Ormai deve essere entrato nella testa di tutti, ma è bene ripeterlo: per quarant'anni Teheran ha finanziato, armato e addestrato organizzazioni terroristiche sparse per tutto il Medio Oriente. Ha costruito un impero di milizie che va dal Libano allo Yemen, passando per Iraq e Siria. Ha trasformato Hezbollah in un esercito privato con decine di migliaia di razzi puntati contro Israele.

Ma quando Israele reagisce, ecco il miracolo: il mandante sparisce e compare la vittima.

È una magia politica che il regime iraniano riesce a eseguire con impressionante disinvoltura.

La Repubblica Islamica pretende che il mondo creda a una favola infantile.

Troppo comodo! Israele è l'unico Paese al mondo al quale viene contestato il diritto che tutti gli altri considerano ovvio: difendere i propri cittadini.

 

Nessuno chiederebbe agli Stati Uniti di tollerare migliaia di missili sulla Florida. Nessuno chiederebbe alla Francia di restare immobile mentre una milizia straniera bombarda Marsiglia. Nessuno chiederebbe all'Italia di assistere passivamente al lancio quotidiano di razzi contro Milano.

Ma a Israele sì.

A Israele si chiede sempre qualcosa in più: più pazienza, più moderazione, più comprensione, più sacrifici. Perfino quando i suoi nemici dichiarano apertamente di volerlo distruggere. 

L'Iran può minacciare. 

Hezbollah può sparare. 

Gli Houthi possono attaccare.

Le milizie sciite possono mobilitarsi.

Ma il problema, incredibilmente, resta Israele che si difende da questa marea di odio armato.
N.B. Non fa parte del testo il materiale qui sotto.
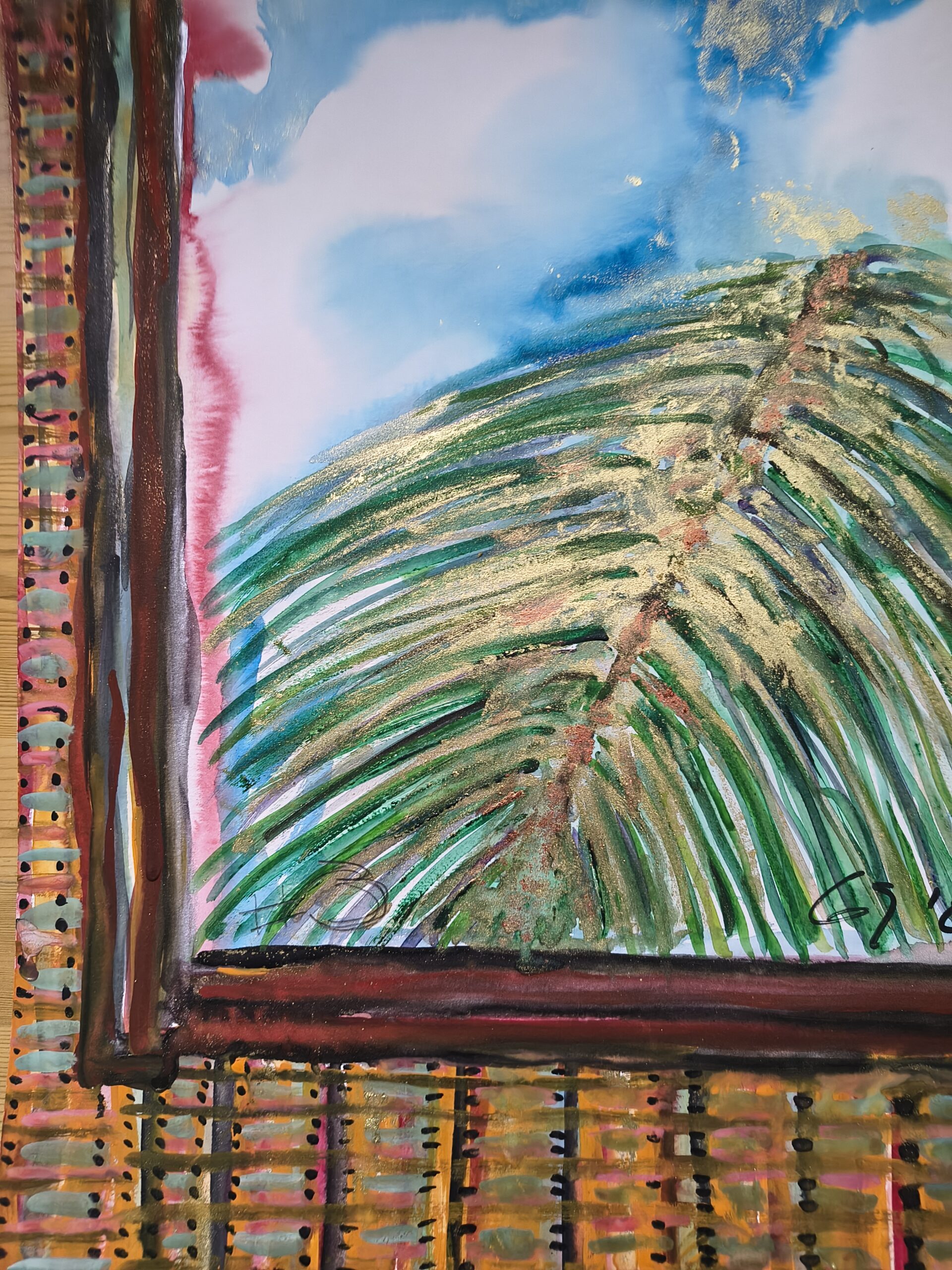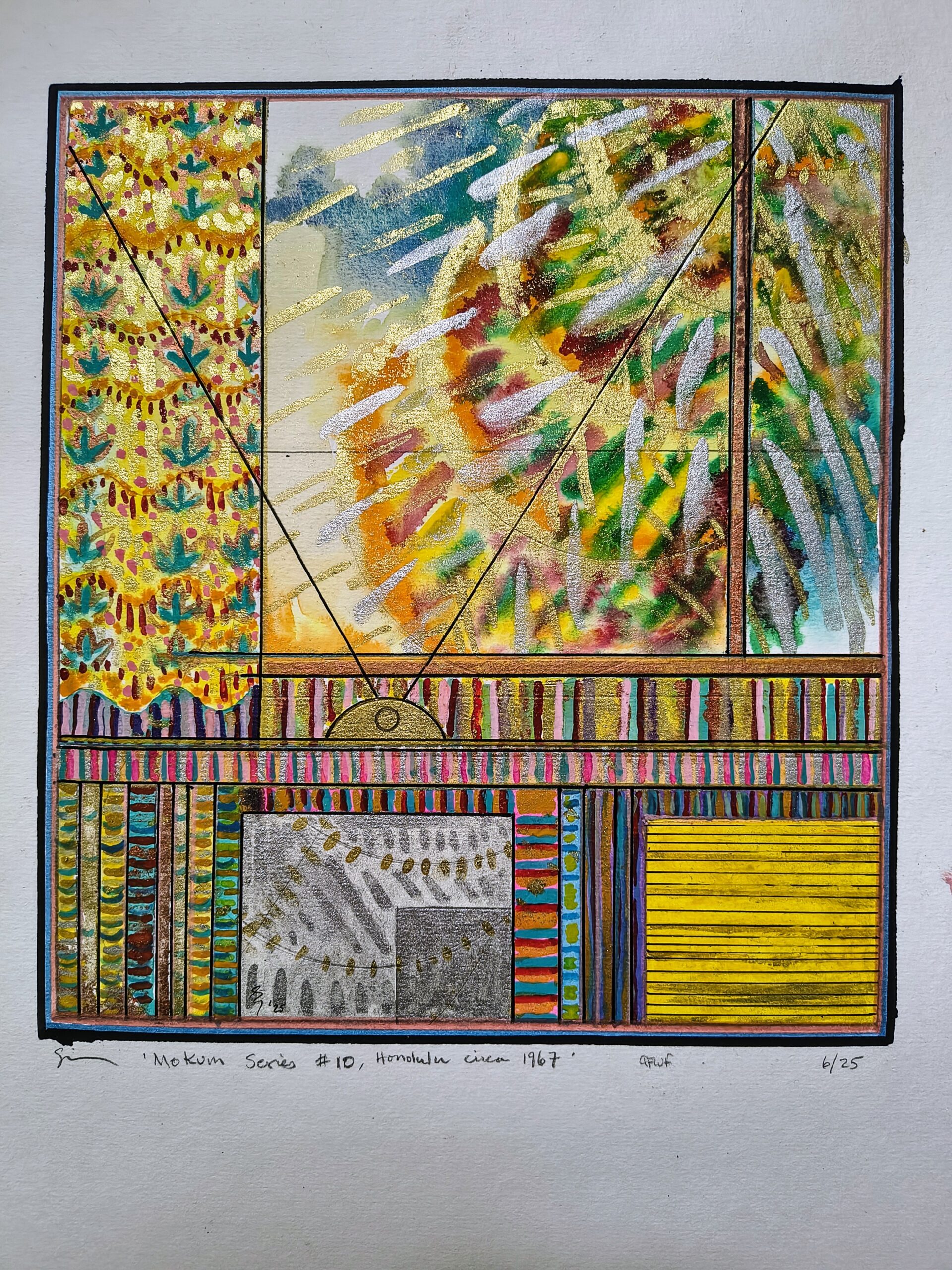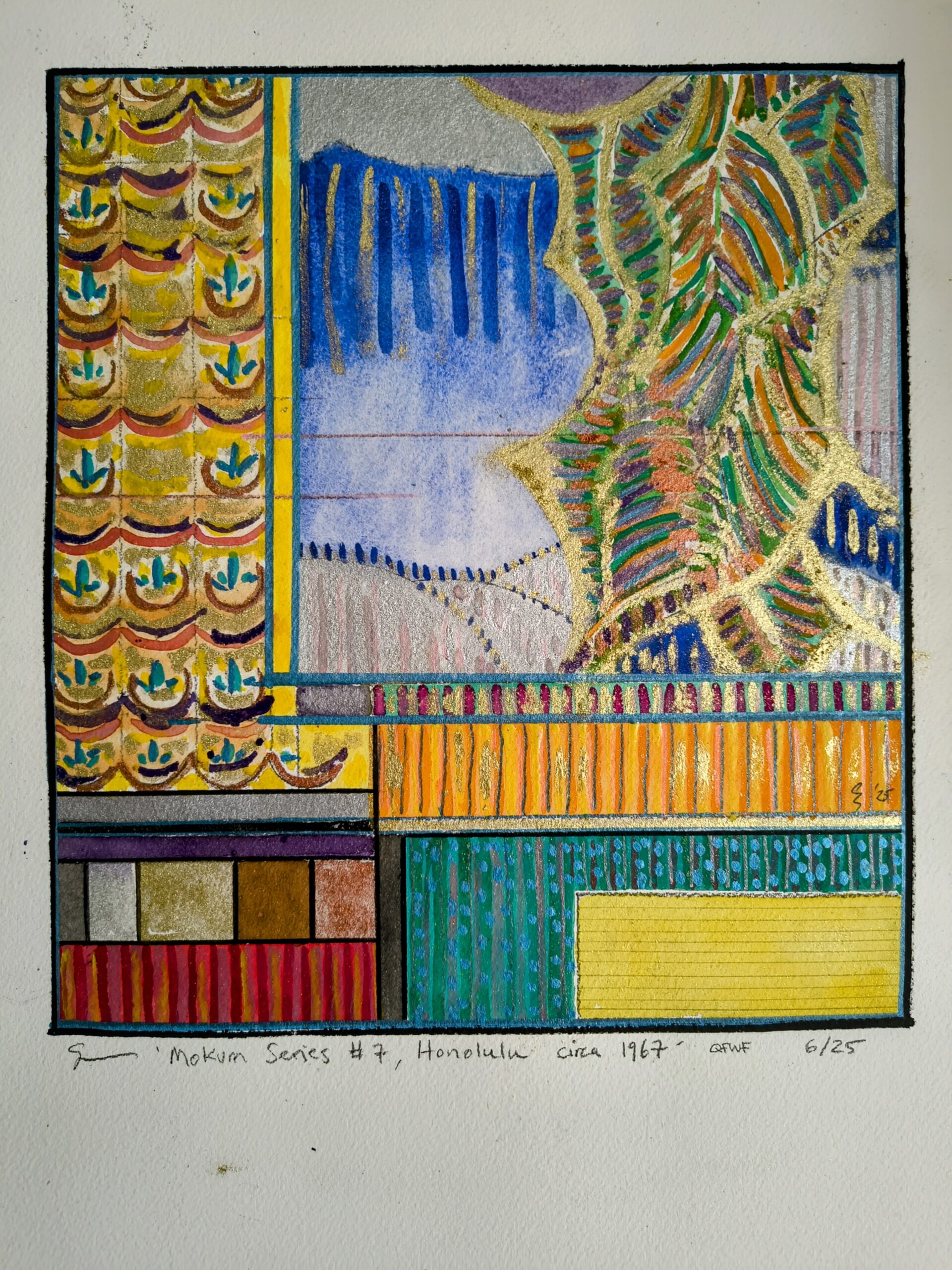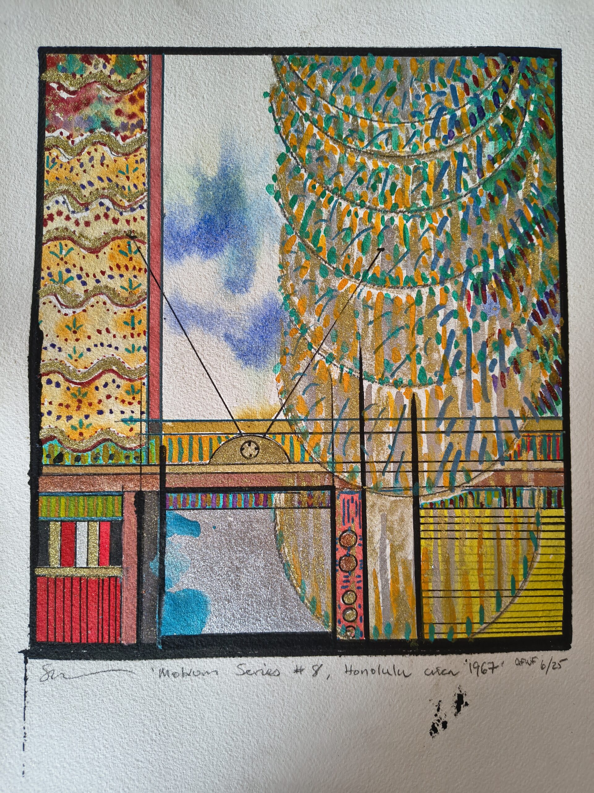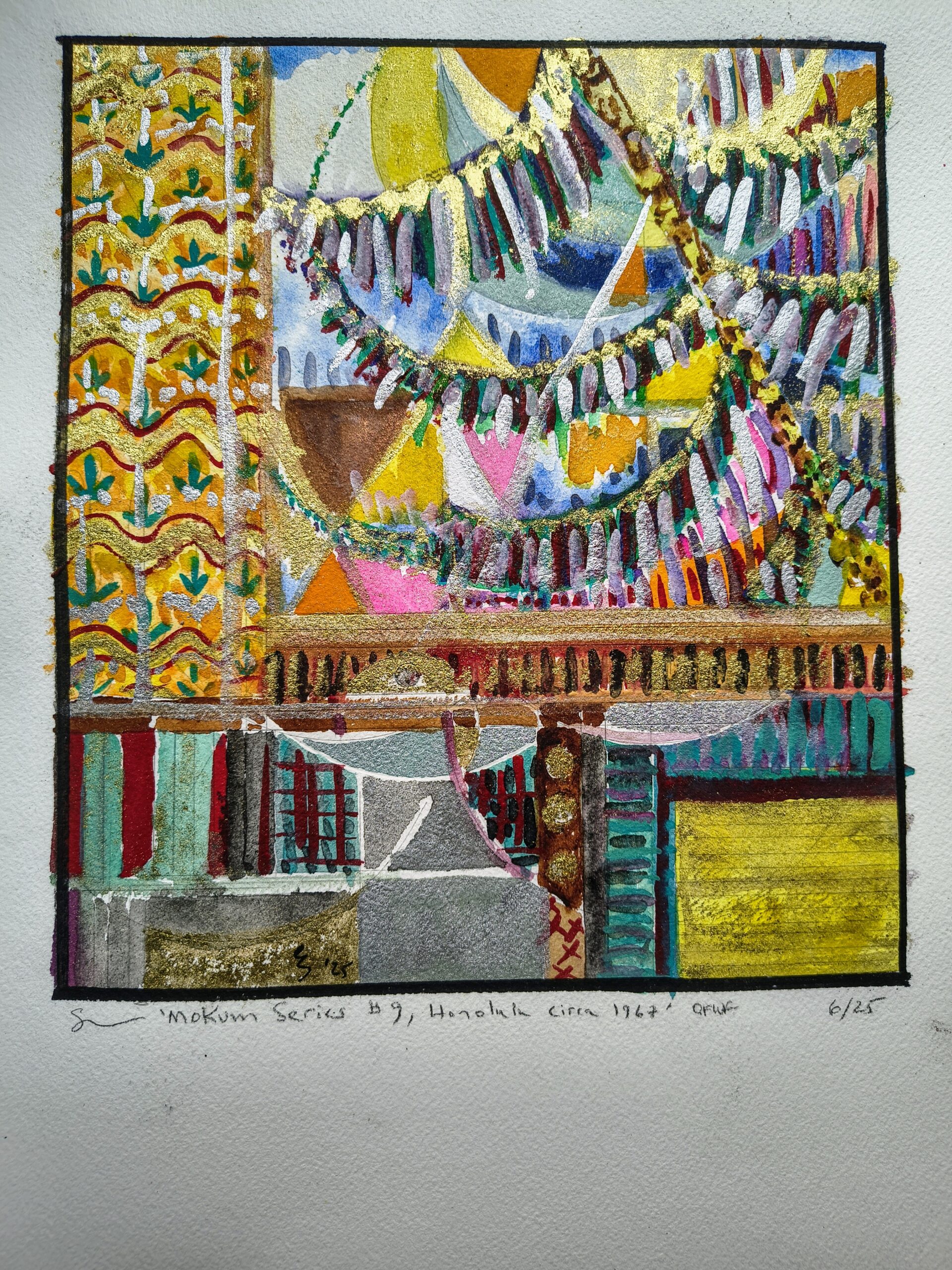 I’d mentioned about wanting to do a series on places. I also remembered I had some inexpensive watercolor paper, which fit in with my idea of wanting to quickly and expressively capture my first memory, of a window in a dark room, in Honolulu. The series is entitled Mokum, a reference to my current life, and also the word itself, (Yiddish) meaning a place….. A good and safe place.”

A questo punto non siamo più nel campo della politica internazionale. Siamo nel teatro dell'assurdo.

La verità è molto più semplice delle acrobazie diplomatiche.

Se l'Iran non vuole vedere colpiti i propri alleati, smetta di usarli come strumenti di guerra. Se non vuole tensioni regionali, smetta di esportare instabilità, armi, odio. Se non vuole escalation, smetta di finanziare chi vive di escalation.

E il mondo farebbe bene a smettere di fingere di non accorgersene.

E’ ufficiale ormai che l’Italia e gran parte dell’Occidente finanziano il terrorismo contro Israele, è tragicamente chiaro che il terrorismo islamico ha il sostegno del mondo antisemita. Adesso però basta! Trump lo sa bene eppure vuole costringere Netanyahu a calare le brache fino alle caviglie! Bibi si ribella e Trump urla. Per Israele è questione di vita o di morte, per il presidente statunitense è solo questione di uno strano desiderio di prestigio che cambia a seconda delle situazioni, persino in previsione dei campionati di calcio americani.